= Aim of the exercise =
Starting at the line with "Sleeping Baby Boy", return every line through the final one of the data, word for word. Pictures stay out.

----- Exercise material -----

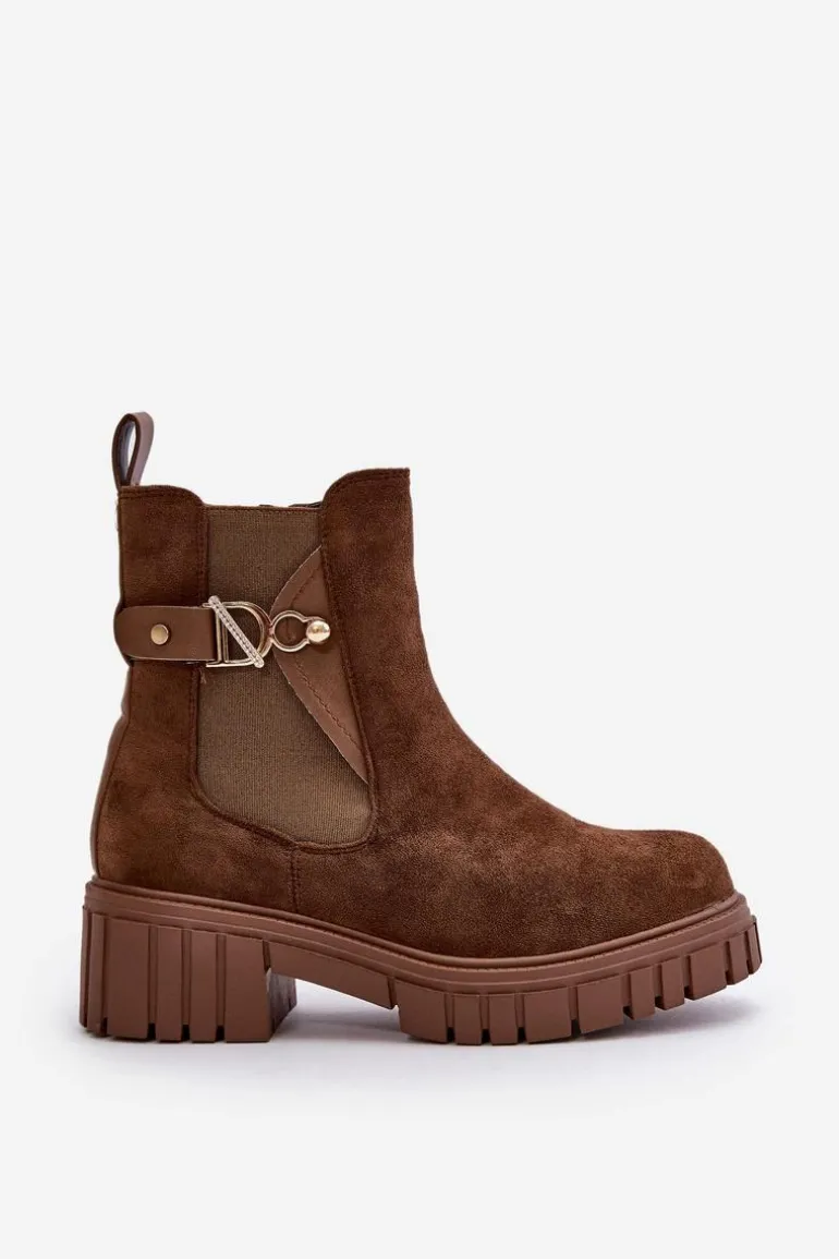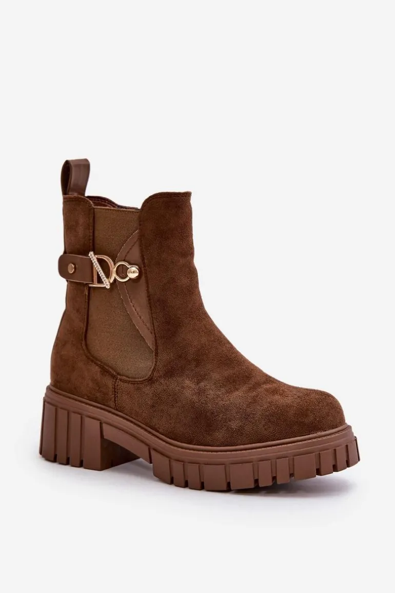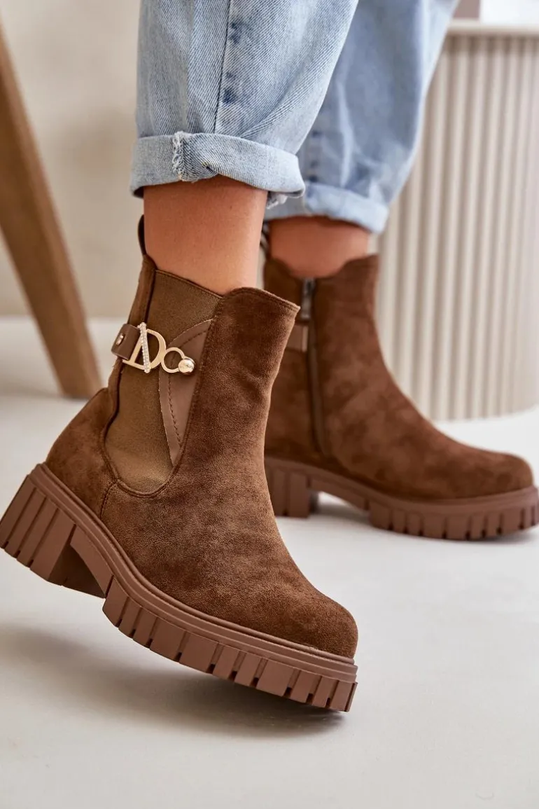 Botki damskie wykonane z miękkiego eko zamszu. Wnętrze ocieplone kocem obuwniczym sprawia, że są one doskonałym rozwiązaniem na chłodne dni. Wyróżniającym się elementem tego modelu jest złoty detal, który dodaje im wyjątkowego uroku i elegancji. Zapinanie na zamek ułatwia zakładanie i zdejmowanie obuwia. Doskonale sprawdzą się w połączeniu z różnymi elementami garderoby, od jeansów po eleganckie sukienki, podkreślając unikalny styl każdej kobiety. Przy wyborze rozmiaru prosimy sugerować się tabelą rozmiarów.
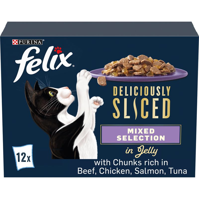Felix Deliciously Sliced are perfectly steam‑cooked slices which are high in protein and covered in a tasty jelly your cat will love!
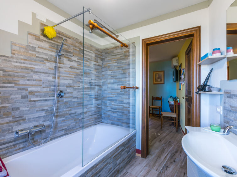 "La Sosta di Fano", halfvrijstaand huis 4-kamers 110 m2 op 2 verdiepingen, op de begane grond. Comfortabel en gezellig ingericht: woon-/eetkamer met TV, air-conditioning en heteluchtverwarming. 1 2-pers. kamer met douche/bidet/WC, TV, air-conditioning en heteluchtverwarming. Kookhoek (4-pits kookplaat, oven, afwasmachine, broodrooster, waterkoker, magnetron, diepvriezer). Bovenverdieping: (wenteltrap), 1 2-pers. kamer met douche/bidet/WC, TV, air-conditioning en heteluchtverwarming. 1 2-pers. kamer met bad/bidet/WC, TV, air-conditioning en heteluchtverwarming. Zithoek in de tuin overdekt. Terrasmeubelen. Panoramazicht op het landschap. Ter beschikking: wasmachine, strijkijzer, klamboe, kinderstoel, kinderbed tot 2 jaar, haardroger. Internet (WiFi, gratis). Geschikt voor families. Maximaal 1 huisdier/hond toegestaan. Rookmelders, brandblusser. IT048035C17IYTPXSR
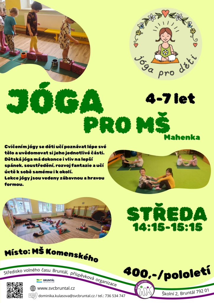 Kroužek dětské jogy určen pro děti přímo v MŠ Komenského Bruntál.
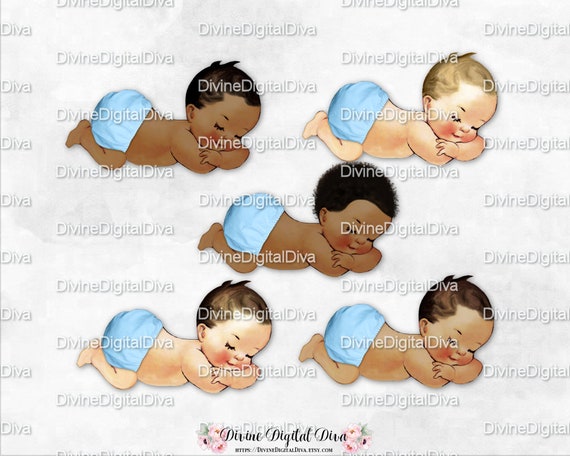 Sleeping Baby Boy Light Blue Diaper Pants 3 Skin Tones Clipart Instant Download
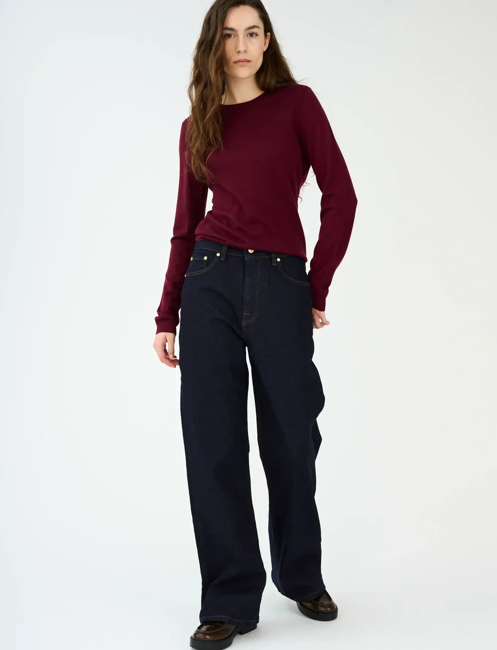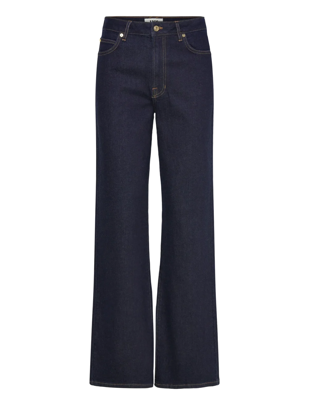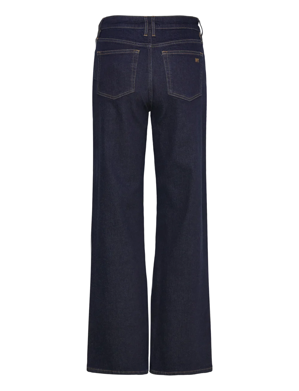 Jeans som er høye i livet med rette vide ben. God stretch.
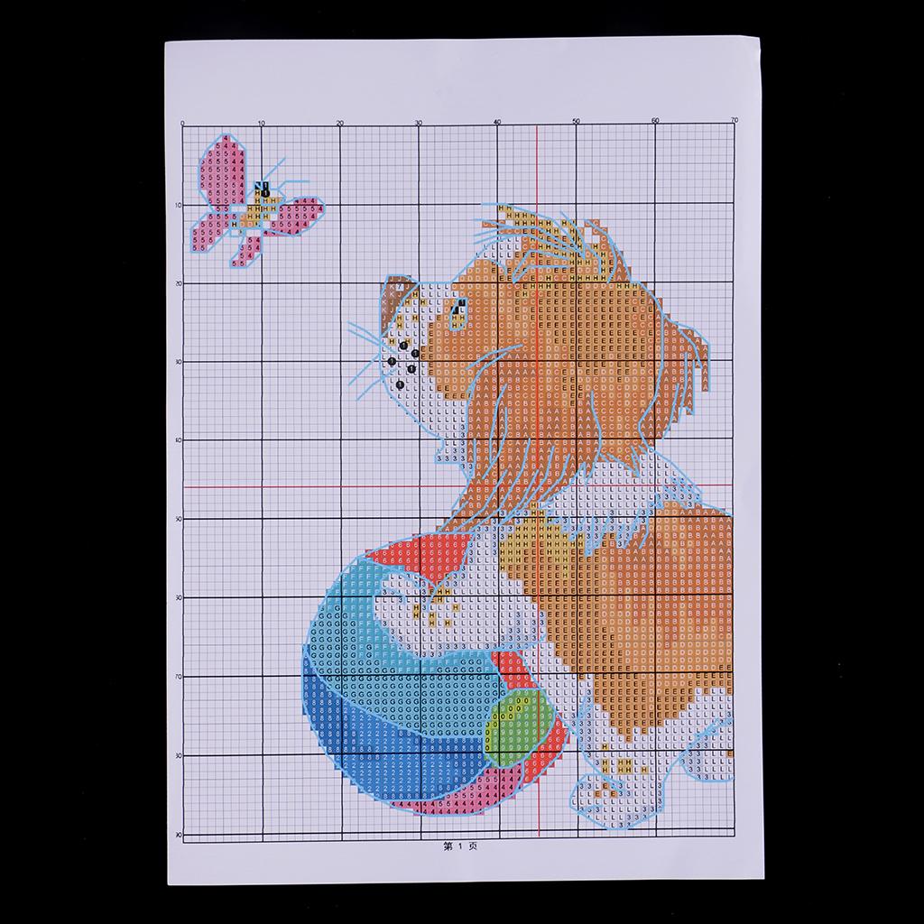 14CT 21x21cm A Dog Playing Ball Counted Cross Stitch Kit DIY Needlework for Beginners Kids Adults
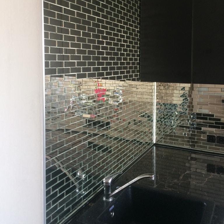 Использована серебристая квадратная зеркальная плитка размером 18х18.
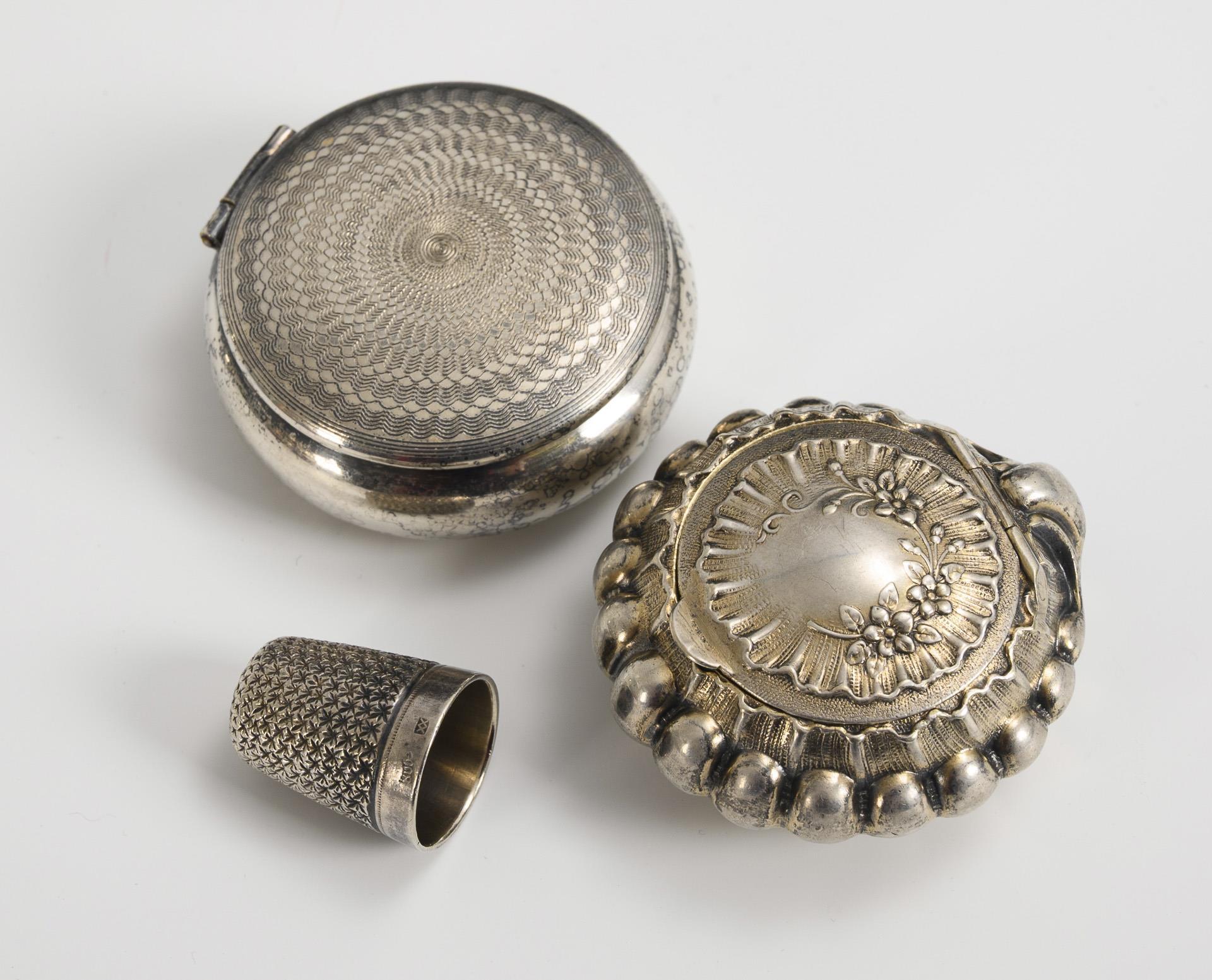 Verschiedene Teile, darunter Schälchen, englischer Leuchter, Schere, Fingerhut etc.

-----

= Solution below =
 Sleeping Baby Boy Light Blue Diaper Pants 3 Skin Tones Clipart Instant Download
 Jeans som er høye i livet med rette vide ben. God stretch.
 14CT 21x21cm A Dog Playing Ball Counted Cross Stitch Kit DIY Needlework for Beginners Kids Adults
 Использована серебристая квадратная зеркальная плитка размером 18х18.
 Verschiedene Teile, darunter Schälchen, englischer Leuchter, Schere, Fingerhut etc.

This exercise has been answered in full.